In January 2023, he was seen in Moscow at a public event, and is believed to have been likely released from house arrest.

On 11 October 2023, according to the message of the head of the State Government Kyrylo Budanov, "Beseda continues to perform his official duties."

===Prisoner exchange===
Prior to June 2024, Sergey Beseda headed the Russian side of the negotiations that later led to the 2024 Ankara prisoner exchange; however, in June 2024, Vladimir Putin replaced Beseda with Aleksey Komkov. (Note: Alexey Komkov (Алексей Комков) was the head of the FSB Internal Security Directorate from September 2016 after the 8 July 2016 resignation of the former head of the FSB Internal Security Directorate Sergey Borisovich Korolev, which vacated the chair of Korolev in the CSS, because Korolev was promoted to the post of head of the Economic Security Service of the FSB of Russia. Alexey Komkov headed the FSB Internal Security Directorate until 2018 when he was transferred to the FSB Counterintelligence Service. Komkov is a protégé of Sergey Korolev) The Vice President of Germany's BND Philipp Wolff (Note: Philipp Wolff (born 1972, Gräfelfing) was the Vice President for Central Tasks (Vizepräsident für zentrale Aufgaben) of Germany's BND since 1 November 2022 when he replaced Michael Baumann after the BND restructured during 2022.) also joined the negotiations at this time.
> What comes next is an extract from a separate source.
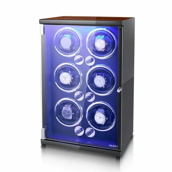 6 Piece Watch Winder for Automatic Watches, Walnut Paint LED Watch Winder with Quiet Japanese Motor, Open The Cover and Stop, 5 Working Modes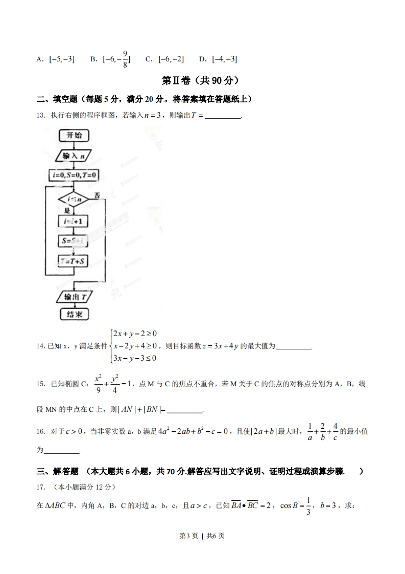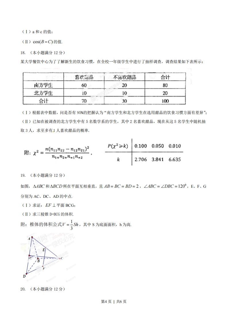 2014年普通高等学校招生全国统一考试(辽宁卷)文科数学第I卷(共60分)一、选择题:本大题共12个小题,每小题5分,共60分.在每小题给出的四个选项中,只有一项是符合题目要求的,1.己知全集U=R,A={x|x≤0},B={x|x21},则集合C(AUB)=(A.{x|x20}B.{x|x≤1}C.{x|0≤x≤1}D.{x|0b>c B.a>c>b C.c>a>b D.c>b>a4.己知m,n表示两条不同直线,“表示平面,下列说法正确的是()A.若m/1a,n/1a,则m/1nB.若m⊥a,nc,则m⊥nC.若m⊥,m⊥n,则n//aD.若m//,m⊥n,则n⊥5.设a,b,c是非零向量,已知命题P:若ab=0,b.c=0,则a-c=0:命题q:若a/i,b/1c,则a/lc,则下列命题中真命题是()A.pvq B.png C.(p)A(g)D.pv(-q)6.若将一个质点随机投入如图所示的长方形ABCD中,其中AB=2,BC=1,则质点落在以AB为直径的半圆内的概率是()AB.Cg.及第1页|共6页7.某几何体三视图如图所示,则该几何体的体积为()A.8-2mB.8-元C.8-TD.8-41网2014制作侵权必201423侵权必8.己知点A(-2,3)在抛物线C:y2=2px的准线上,记C的焦点为F,则直线AF的斜率为()4A.-B.-1c.-33D.-5429.设等差数列{a,}的公差为d,若数列{24}为递减数列,则()A.d<0 B.d>0 C.ad0c0sx,xe0,匀10.己知f(x)为偶函数,当x≥0时,f(x)=则不等式f(x-)≤的解集为()2x-lx∈(5,+0)哈u子B.子u片3c兮u子D.子u写11.将函数y=3sin(2x+乙)的图象向右平移交个单位长度,所得图象对应的函数()A.在区间[元]上单调递减12'12B.在区间工1上单调递增12'12C.在区若]上单调递减D、在区间[-后子上单调造带12.当x∈[-2,1]时,不等式ar3-x2+4x+3≥0恒成立,则实数a的取值范围是()第2页|共6页A.[-5,-3]B-6-C.[-6,-2]D.[-4,-3]第Ⅱ卷(共90分)二、填空题(每题5分,满分20分,将答案填在答题纸上)13.执行右侧的程序框图,若输入n=3,则输出T=」开始i0,S=0,T=0出T结束2x+y-2≥014.己知x,y满足条件x-2y+4≥0,则目标函数z=3x+4y的最大值为3x-y-3≤015.己知椭圆C:y29+4=1,点M与C的焦点不重合,若M关于C的焦点的对称点分别为A,B,线段MN的中点在C上,则|AN|+|BN=16.对于c>0,当非零实数a,b满足4d2-2ab+B-c=0,且使12a+b1最大时,上+2+4的最小值a b c为三、解答题(本大题共6小题,共70分解答应写出文字说明、证明过程或演算步骤)17.(本小题满分12分)在A1BC中内角AB,C的对边a,b,c,且a>c,已知B1,BC=2,cosB=写b=3,求:第3页|共6页

===Delegations for peace talks===

On 24 March 2025, Beseda, along with Senator Grigory Karasin headed the experts delegation from Russia at negotiations with the United States in Riyadh.

==Family==
Beseda has three sons, Anton, Aleksey, (Note: Aleksey Beseda (born 1983 or 1984) was the general director of ZAO Business Sphere (ЗАО «Бизнес сфера») from 2008 to 2009 and, in January 2013, became a member of the board of directors of OJSC AvtoVAZagregat (ОАО «АвтоВАЗагрегат») which is a major supplier to AvtoVAZ. The firm "Business Sphere" has the same phone number as Coalco which is associated with Vasily Anisimov. In 2013, the Coalco telephone secretary confirmed that Beseda was the former head of "Business Sphere". In 2013, he owned a plot at Akulinino which is, similar to Rublyovka, an elitist enclave of 18,000 ha located 30 km from Moscow on Kashirskoye Highway (Каширское шоссе).) and Aleksandr.